According to Deere, one battery charge lasts for up to four operating hours, and it takes about three hours to fully charge the battery.

Comparing fuels such as electric and diesel is by no means a simple exercise (Table 1). Which fuel has the most energy potential: a gallon of diesel fuel or a block of lithium ion batteries? It depends.

Fuel properties comparison

Electricity is a secondary energy source and has to come from somewhere, so the source of the electricity is a key factor in evaluating cost. The batteries that store it are an essential consideration as well – with most being lithium-ion rather than traditional lead acid.

How the energy is used is important, which means looking at a given powertrain and how efficient it is in converting the stored energy (electricity) or potential energy (diesel fuel) into useful mechanical energy.

You can take it a notch further and look at wells-to-wheels analysis, which traces back to the source of the energy, whether it be petroleum diesel fuel or electricity generated from coal-fired power plants or solar and wind-renewable.

If you were able to generate 100 percent of electricity from renewable (solar or wind) sources on the farm and store it in batteries for use in a tractor, that would virtually be an unbeatable setup.

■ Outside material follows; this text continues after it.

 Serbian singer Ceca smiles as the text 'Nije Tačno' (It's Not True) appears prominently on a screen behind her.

There is no denying electric motors are more efficient than internal combustion engines, with efficiency in the 90 percent range. There are no mechanical losses due to friction or pumping losses from the combustion process since an electric motor has no moving parts or combustion.

There are minor losses of efficiency from the conversion from direct current to alternating current, releasing and storing electricity in a battery, transmitting the electricity and generating it from a power plant. Electricity rates are highly variable across the country and depend on the source of power, the load and demand factors in the market, and other economic conditions.

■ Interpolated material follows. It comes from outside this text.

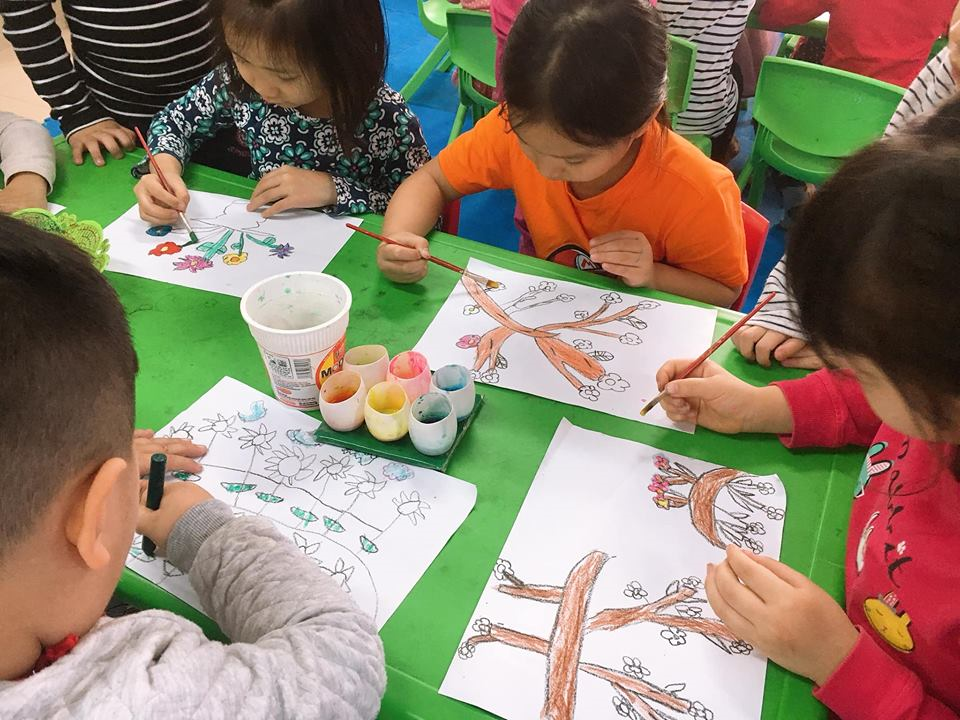 Sau đây là một số hình ảnh trong giờ hoạt động tạo hình "Vẽ hoa mùa xuân" của các bạn lớp MGL A1 trường mầm non Gia Thượng

The greatest technical issues for electricity as prime power for farm tractors and machines comes down to storage of energy in batteries and the trade-offs of the batteries’ weight versus range of operation, all-weather performance, recharging time and life-cycle issues, since most farm equipment is in service for many years.

What can we learn from electrification trends in the auto world? Electric cars are targeted in densely populated urban areas with air pollution problems, where driving range is limited and generous federal and state incentives to acquire vehicles and install upgraded charging infrastructure have been available.

In 2016, auto sales hit 17.465 million units in the U.S. Of those, there were about 84,000 battery electric and about 72,000 plug-in hybrid vehicles sold – combined representing just 0.8 percent of all vehicles sold last year.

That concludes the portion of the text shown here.